Abe tuvo que suavizar su posición sobre Corea del Norte debido al acuerdo, a pesar del tema de los rehenes, cuyos plagios Kim Jong-il reconoció en 2002. De hecho, según el mismo diario fue más allá:
“[El acuerdo es una] mala noticia para Abe. El primer ministro sigue afirmando que Japón no proveerá asistencia energética a Corea del Norte hasta que se resuelva el asunto de los secuestros de ciudadanos japonesas por parte de Pyongyang. […] En la última ronda de discusiones relacionada a los diálogos a seis bandas, Japón dependió de EUA para sacar adelante el diálogo con Corea del Norte. […] En sus discusiones con el vicecanciller norcoreano Kim Kye Gwan, el secretario asistente de Estado de EUA Christopher Hill dijo que su país no accedería a crear un grupo de trabajo para discutir la normalización de las relaciones entre EUA y Corea del Norte a menos que otro grupo se creara para los lazos entre Japón y Corea del Norte. Oficiales japoneses dijeron que sus esfuerzos de lobby condujeron a una cláusula en el acuerdo por la cual EUA empezaría a trabajar en la eliminación de Corea del Norte de la lista de países que apoyan el terrorismo. [Ellos] querían que se incluyera esa cláusula porque [esas charlas] probablemente forzarían a tratar el tema de los secuestros[, pues ello] es uno de los elementos incluidos en la designación de Corea del Norte como estado patrocinador del terrorismo. Pero Washington y Pyongyang podrían proceder a eliminar a Corea del Norte de la lista sin que haya progreso alguno en el tema de los rehenes”.
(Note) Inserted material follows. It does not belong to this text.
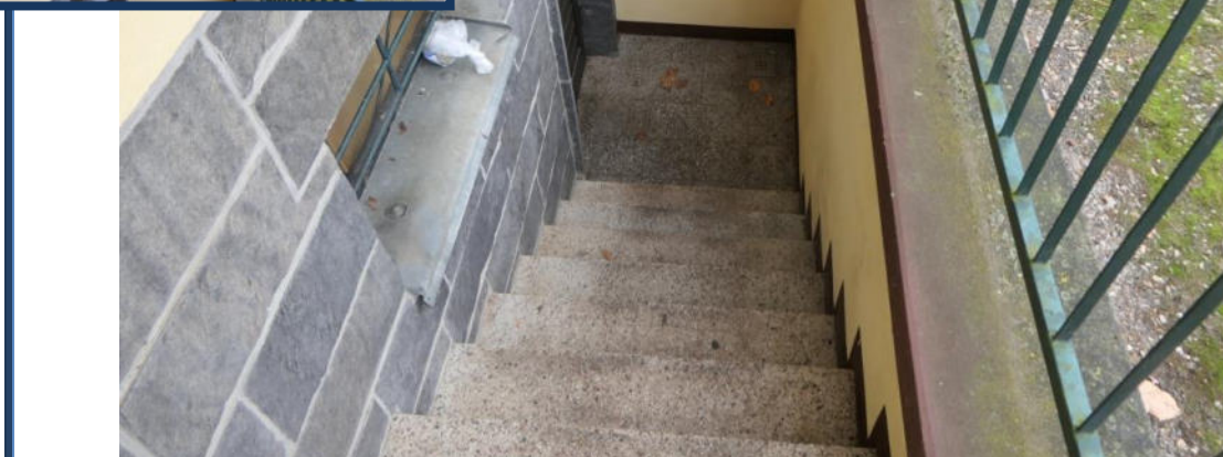
Abbildung 6: Treppe zum Keller (Nordseite)

Así las cosas, Abe la ve negra. La decepción es tan enorme que el vicepresidente estadounidense Dick Cheney realizó una sorpresiva visita a Tokio para reafirmar la amistad de ambos países. Mientras tanto, las dos Coreas empiezan justo el día de hoy una serie de charlas tendientes a normalizar sus propias relaciones (aún más), después de las pruebas nucleares de octubre pasado. China festeja su papel de mediador en el acuerdo, mientras Rusia permanece a la espera, al igual que todos nosotros. Algunos se atreven a decir que no ha pasado nada, bien sea por la ambigüedad en los términos del acuerdo (ni “desarme” ni “arma” aparecen en el texto del mismo), o porque ni Corea del Norte, a pesar de la cuantiosa ayuda que va a recibir, ganó, ni Washington, a pesar de las en apariencia gigantescas concesiones, perdió. Por su parte, Japón se sentirá “traicionado” un tiempo más y Pyongyang, tras haber hecho su mejor negociación, parece disfrutar del éxito conseguido.